Is this normal?

I’ve only been lurking here for a couple of days and I hope this isn’t an inappropriate question for this group. No flames please if I shouldn’t have posted this (or for the double negative); a good stern warning will do just fine. :slight_smile: The reason that I’m addressing this group is that I’m trying to get a perspective on provider policy and how decisions are made to do such things. If it’s not a conscious decision but the result of um er human error, what mechanisms are in place; or should be in place in order to correct such issues. So here it is:

I’m wondering if what I’m seeing in this trace route is normal provider behavior (I haven’t seen this happen before now). My provider is @home and when ever I do a trace route I get the following results:

1 211 ms 20 ms 20 ms cr1-hfc10.alsv1.occa.home.net [24.0.216.1]
2 10 ms 20 ms 40 ms r1-ge2-0.alsv1.occa.home.net [24.1.160.1]
3 180 ms 20 ms 30 ms 10.0.242.77
4 80 ms 50 ms 20 ms 10.0.242.73
5 30 ms 291 ms 20 ms c1-pos5-0.anhmca1.home.net [24.7.74.73]
… rest of results omitted for brevity.

As you can see, the third and fourth hop are advertising 10’s and I wouldn’t think a provider would want traffic passing through a private address space. Also, this is happening just as the traffic is leaving one facility and going to another (I don’t know if that means anything). If you’re interested alsv is Aliso Viejo and anhmca is Anaheim (both in Orange County, CA). I could be wrong but I’m fairly certain this has just been happening for the last few weeks. Maybe I never noticed before.

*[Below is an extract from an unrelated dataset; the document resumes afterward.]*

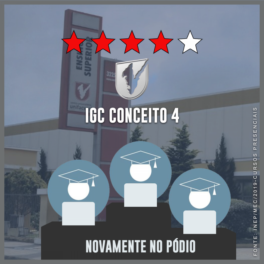 O INEP/MEC divulga hoje o ranking do Índice Geral de Cursos (IGC) referente ao ano de 2018 para cursos preseciais. São avaliadas 2072 universidades, centros universitários e faculdades públicas e privadas do Brasil. A Unifacvest, com 28 cursos avaliados em todas as áreas do conhecimento, ampliou seu índice de 3,63 em 2017 para 3,6813 em 2018 e continua novamente no pódio entre as três melhores instituições universitárias de Santa Catarina com IGC 4 (na faixa).

I’d call @home about it but I know I’d get the run around and it would take 5 hours on the phone for someone just to tell me it’s none of my business.

Regards,

Larry Diffey

P.S. NANOG Range Day should include pictures of various vendor equipment. Pick whatever is frustrating you at the moment.

On Tue, Jun 26, 2001 at 11:35:55PM -0700, Larry Diffey exclaimed:

  3 180 ms 20 ms 30 ms 10.0.242.77
  4 80 ms 50 ms 20 ms 10.0.242.73

As you can see, the third and fourth hop are advertising 10's and I wouldn't
think a provider would want traffic passing through a private address space.

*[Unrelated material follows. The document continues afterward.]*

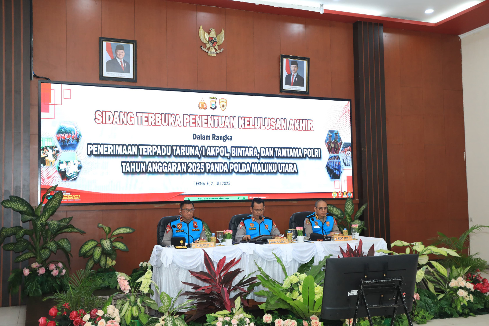 Kapolda Maluku Utara Irjen Pol. Drs. Waris Agono, M.Si., memimpin sidang terbuka penetapan kelulusan akhir seleksi penerimaan Akpol, Bintara dan Tamtama Polri Tahun Anggaran 2025 Panda Polda Malut, bertempat di Aula Kieraha Polda Malut, Rabu (2/7).

ugh. you have just raised the skeleton of one of the top 3 most popular
religious wars in this forum. There is no consensus on this. I personally
think it's bad form, but as these addresses are unlikely to appear in anything
other than a traceroute, it's probably not hurting anything.

/me awaits the 1746 replies to come ...

I've only been lurking here for a couple of days and I hope this isn't
an inappropriate question for this group. No flames please if I
shouldn't have posted this (or for the double negative); a good stern
warning will do just fine. :slight_smile:

RFC1918 TROLL! lol. kidding. =)

I'm wondering if what I'm seeing in this trace route is normal provider
behavior (I haven't seen this happen before now).

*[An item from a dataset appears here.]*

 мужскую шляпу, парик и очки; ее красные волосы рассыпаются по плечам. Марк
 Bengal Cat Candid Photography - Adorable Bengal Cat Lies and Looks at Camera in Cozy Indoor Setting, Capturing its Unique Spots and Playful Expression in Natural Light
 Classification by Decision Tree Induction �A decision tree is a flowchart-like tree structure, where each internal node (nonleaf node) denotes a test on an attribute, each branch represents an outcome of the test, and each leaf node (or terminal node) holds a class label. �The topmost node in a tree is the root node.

<snip traceroute with 1918 addys>

Depends on the meaning of "normal". Check out

There are many, many other threads about this and related topics(NAT,
VPNs with 1918 addys, breaking traceoute with 1918 addys, etc.)
RFC1918 addys are sacred stomping ground.

@Home and Adelphia(atleast in VA) use 1918 addys internally. They
usually turn up between the modem and the distribution hub/headend(?).

Also, poke around at http://www.merit.edu/mail.archives/nanog/. Complete
archives of NANOG discussions from 1994.

-Gordo

On Tue, Jun 26, 2001 at 11:35:55PM -0700, Larry Diffey exclaimed:

  3 180 ms 20 ms 30 ms 10.0.242.77
  4 80 ms 50 ms 20 ms 10.0.242.73

As you can see, the third and fourth hop are advertising 10's and ?
wouldn't think a provider would want traffic passing through a private
address space.

ugh. you have just raised the skeleton of one of the top 3 most popular
religious wars in this forum. There is no consensus on this. I personally
think it's bad form, but as these addresses are unlikely to appear in
anything other than a traceroute, it's probably not hurting anything.

What if I were to tell you that some of these "so called private"
servers/machines, have telnet open to the @Home world ? Now that is a
problem. Its one thing to route these IP's among your equipment, its
another to not restrict customer access to them.

It also hoses PMTU Discovery if your router does RFC1918 ingress filtering
and one of the 10.x.x.x router addresses sends back a 'must fragment'.